Отношения с Богом у Шварц выстраиваются по той же канве, что и взаимодействие с остальными Другими, однако же, проходят и свои, особенные этапы. Связь с Богом начинается с отпадения от него, которое, тем не менее, предполагает неослабевающую с ним связь потому, что человек буквально - плоть от плоти Бога: На Землю / Пал человек / Четырехпалой / Отрубленной рукою Бога, / Отрубленною, но живой (2; 105). Человек помнит об этой связи, о той музыке, что он слышал во время рождения-отпадения, причём музыка - это те же какофоничные звуки, речь о которых шла в первой главе. Вновь вернёмся к стихотворению "Рождение" - в нём именно верещание и кукареканье ангела - последнее, что слышит человек перед появлением на свет.

Можно предположить, что строки про ангела и его "песнь" - реминисценция из "Ангела" Лермонтова и одновременно спор с ним: По небу полуночи ангел летел / И тихую песню он пел; / И месяц, и звезды, и тучи толпой / Внимали той песне святой. На место гармонии приходит какофония, но даже если наблюдается расхождение в тональности, оба - и лирическая героиня Шварц, и Лермонтовский герой - испытывают одинаковую тоску по утраченной музыке: И долго на свете томилась она, / Желанием чудным полна; / И звуков небес заменить не могли / Ей скучные песни земли. Шварц же делегирует свою тоску кошкам, за которыми стоит её душа-жизнь: Что делать с жизнью небольшою, <…> / Зачем, Творец, в меня сослали / Уж лучше б Вы ее держали / Как прежде - кошечкой в дому <…> Она мне сердце рвет и мучит / И все по Вас, Творец, мяучит (2; 178). Другой пример подобного сетования: Хор котят среди объедок: / "Жизнь есть боль, ведь жизнь есть боль" ("Стихи из зелёной тетради").

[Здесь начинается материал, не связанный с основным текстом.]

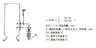 5.22 靠近燃燒器入口處垂直安裝,此時(shí)補(bǔ)償器主要通過軸向伸縮以及少量橫向撓曲來吸收位移。為減少A點(diǎn)受力,補(bǔ)償器按預(yù)拉伸狀態(tài)安裝,預(yù)拉伸量按下式計(jì)算:
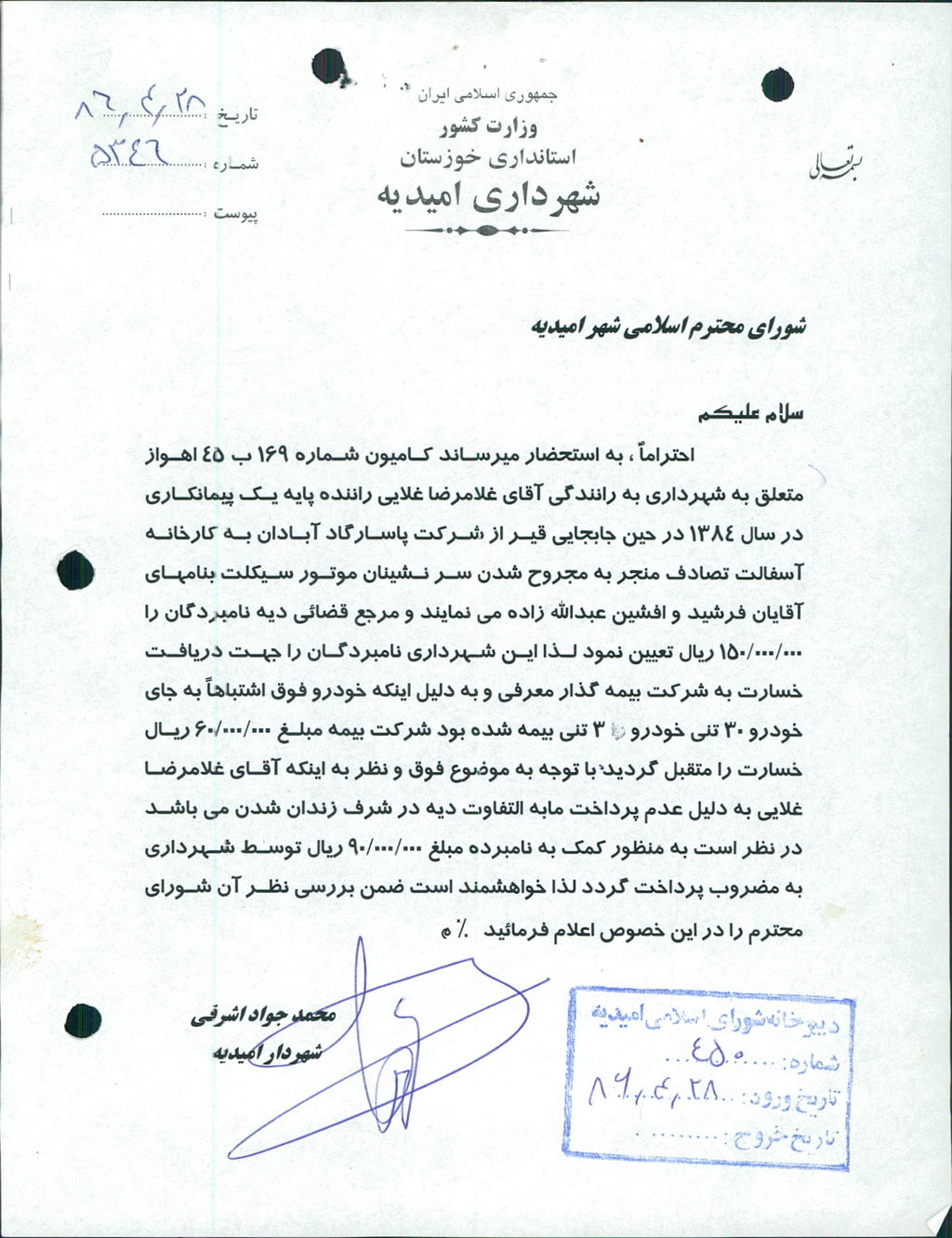 موضوع : درخواست شهرداري محترم مبني بر مساعدت مالي  به آقاي غلامرضا غلائي.
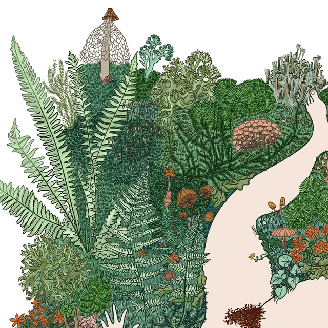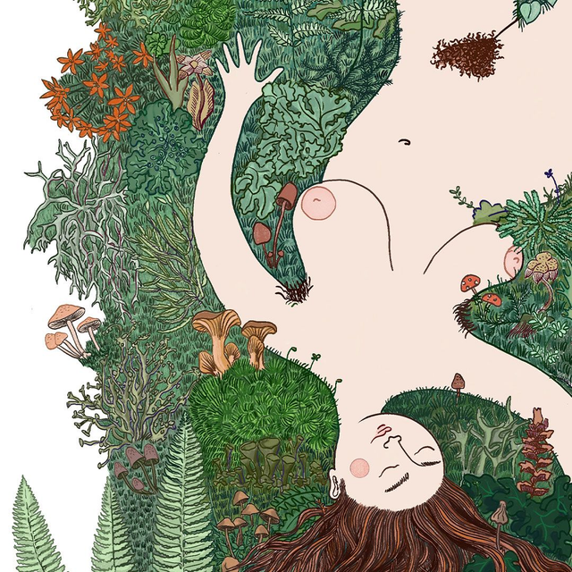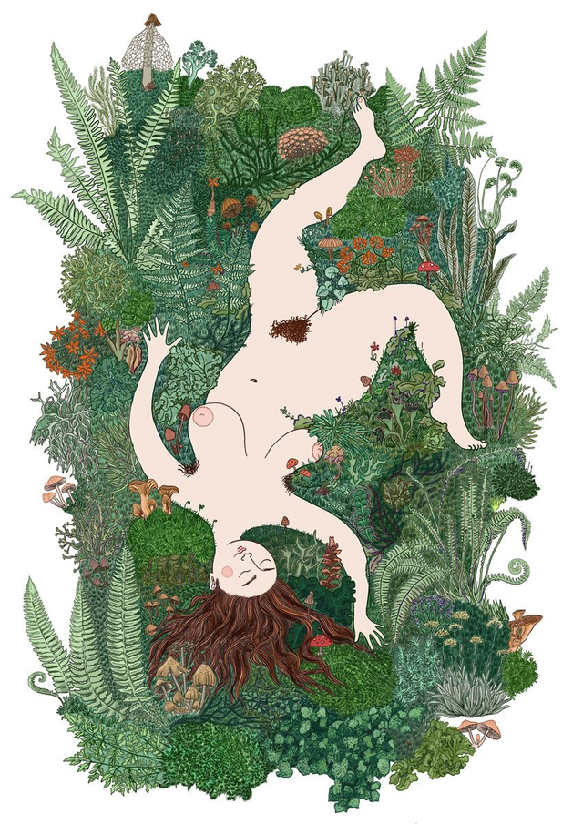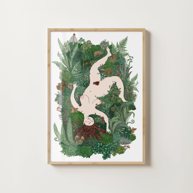 I tried it first in person and it was a truly transformative experience. Later, I decided to illustrate that feeling. Most of the moss, mushrooms and plants are based on old botanical drawings I found online, hence: true to the bizarre and surreal shapes only nature can come up with. I hope having this print will remind you of that connection to nature and help celebrate womanhood.
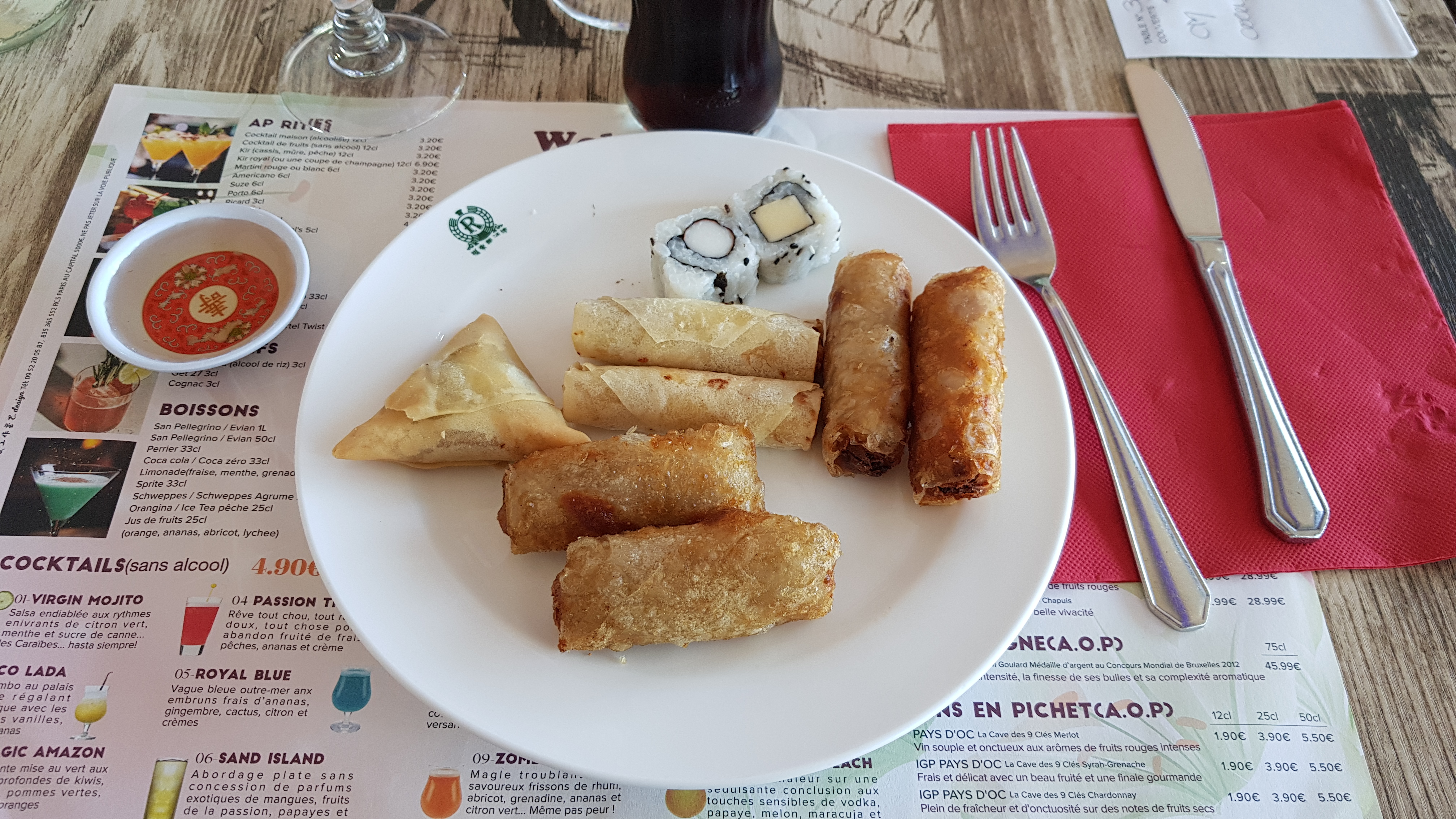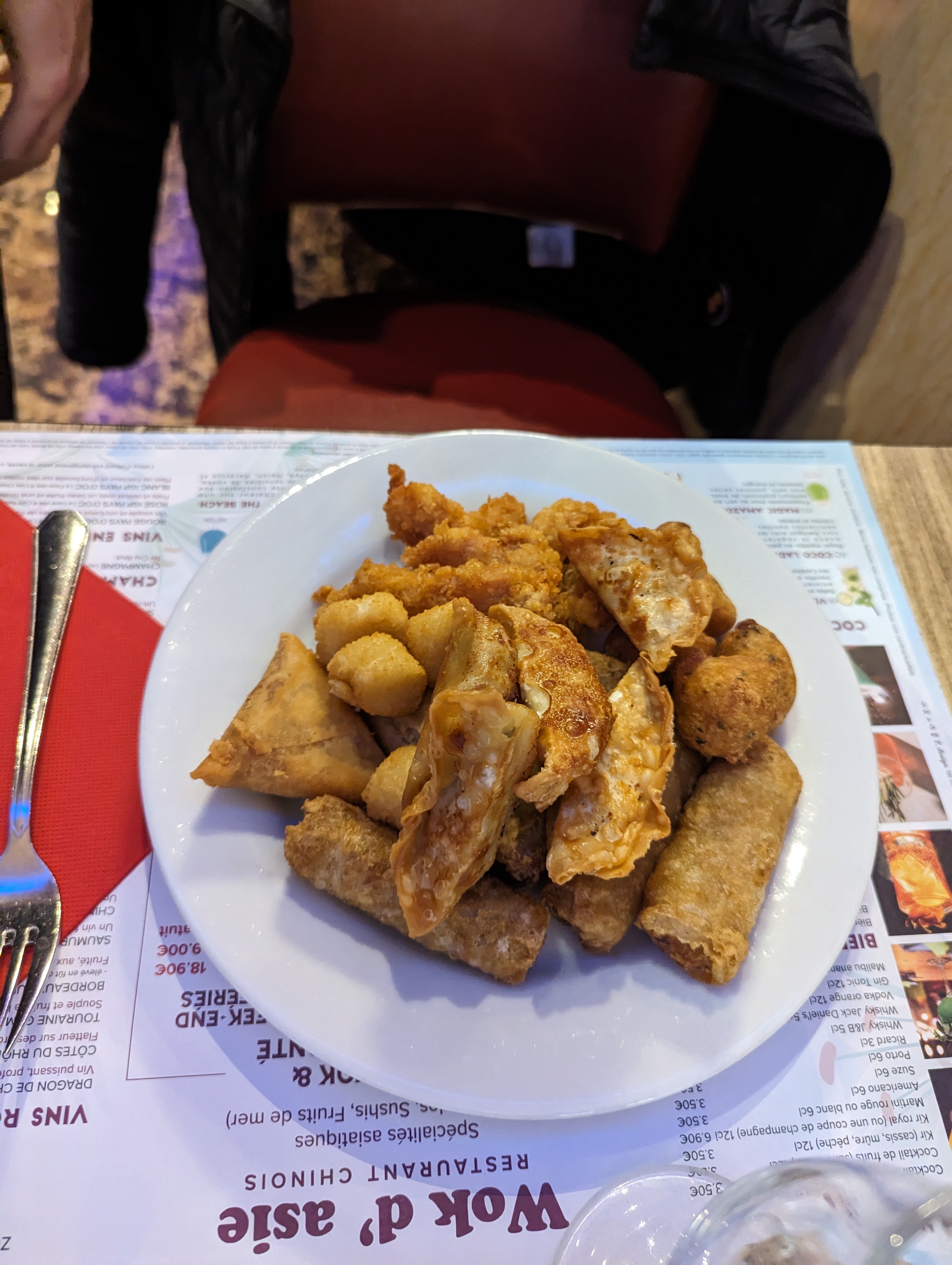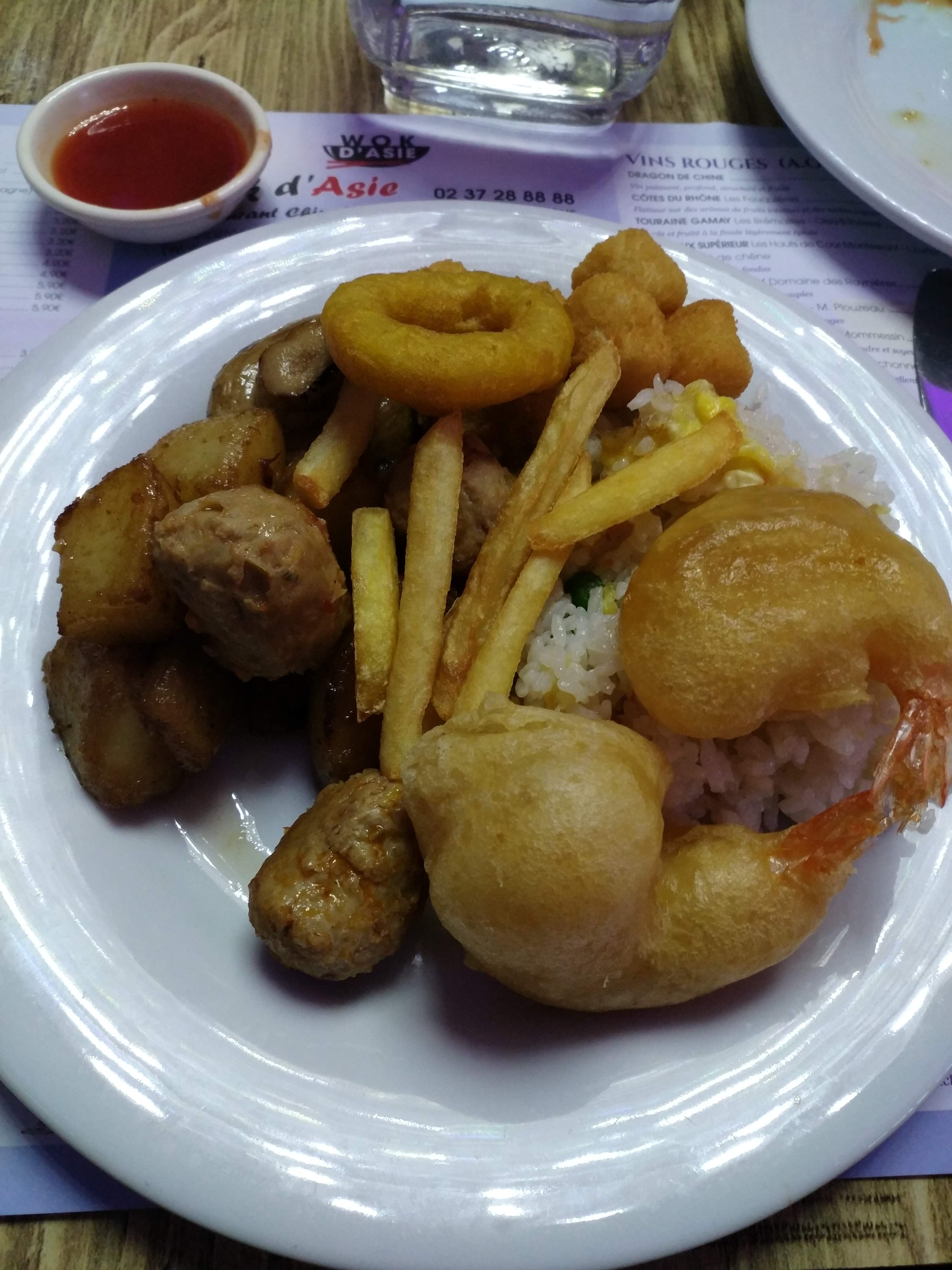 Malheureusement c'est toujours aussi gras! Et puis les frites , le camembert....on a pas l'impression d'être au resto chinois! Pour 19,80€ le menu!
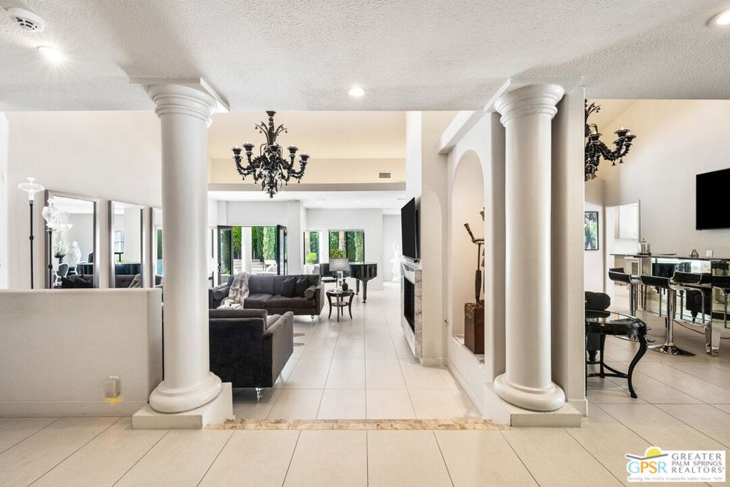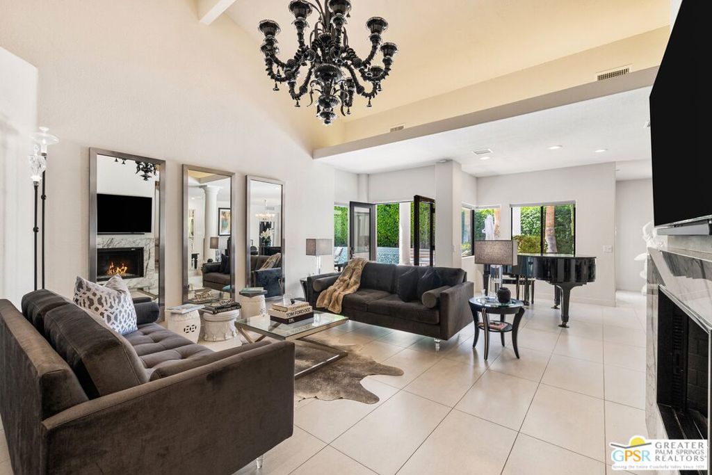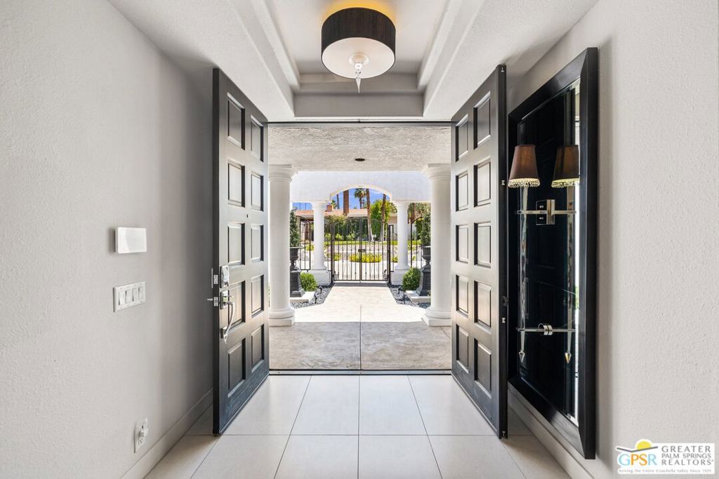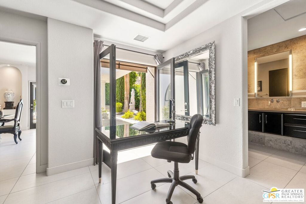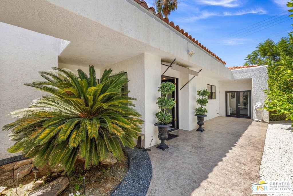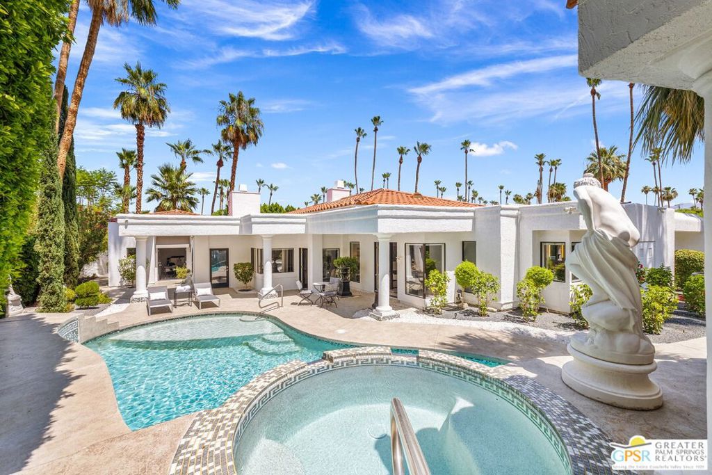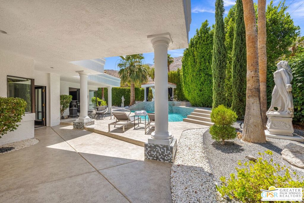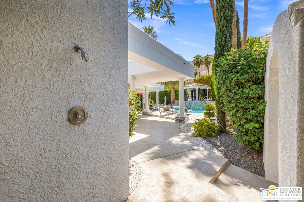 A Magical Setting in The Mesa! Perfectly positioned in one of South Palm Springs' most cherished and storied neighborhoods, this elegant 4 BED, 4.5 BATH residence offers a seamless blend of style, comfort, and desert sophistication. Set on land you own (Fee Simple) with OWNED SOLAR, the property features a circular driveway leading to a beautifully appointed 4 bedroom ensuite home. Designed for both everyday luxury and entertaining, the residence wraps around a stunning pool and spa with waterfall, dramatic mosaic tile accents, an elevated gazebo framed by mountain views and swaying palms. Multiple outdoor conversation areas enhance this ultra-private setting. The gated courtyard entry and double doors open to formal living and dining spaces with dual fireplaces and a custom bar area, also ideal as a destination-style media lounge. Notable lighting throughout includes Baccarat fixtures that complement the home's subtle nod to Hollywood Regency design. The chef's kitchen features high-end finishes, a generous buffet, walk-in pantry, and breakfast area with patio access. The spacious primary retreat offers direct pool access, a Carrara marble-lined shower, and a freestanding clawfoot tub. Two additional guest suites are thoughtfully positioned along the west wing, each with private full baths. The attached casita, located in the east wing, features two sets of French doors that open to the outdoors and floor-to-ceiling built-in bookcases. This generous space functions beautifully as a second primary suite or private retreat.Additional highlights include a large utility room, direct garage access, and a secondary entrance off Carmelita Street, perfect for pool guests or staff. Take the Matterport Virtual Tour to experience the flow and finish of this exceptional South Palm Springs property.

Кроме кошек, птицы у Шварц несут в себе память о взаимодействии с Богом - например, свои какофонические песни-клёкот они повторяют вслед за Богом: И мы поем, а петь нас Бог учил, / И мы рычим, и мы клокочем (1;8). Именно взаимодействие с птицами вскрывает богооставленность героини: С тарелки блеклой оловянной / Я птиц кормила за оградой / В сосновом преющем лесу. / Печаль! - о, вдруг / Меня печаль пронзила, <…> Как будто край этой тарелки, / Полуобломанной и мелкой, / Вонзился в грудь мне / разрезал, / И обнажил / Мою оставленность Тобою - / Всю, всю (2; 219);. Именно птица у Шварц становится тем, что Илья Кукулин назвал фиктивным эротическим телом авторства - то есть теми телами, которые, будучи одновременно отчуждены от авторского сознания и кровно, телесно с ним связаны, подвергаются различным манипуляциям и насилию, становятся жертвой и открывают новые возможности для взаимодействия с миром:

"Эти страдания можно рассматривать как символическое жертвоприношение. Их боль, деформации и исчезновения соответствуют чужой боли, отчужденно и одиноко существующей в мире. Символическое принесение этих тел в жертву и сопереживание их боли позволяют восстановить открытые отношения с миром" (Кукулин 2000: 453).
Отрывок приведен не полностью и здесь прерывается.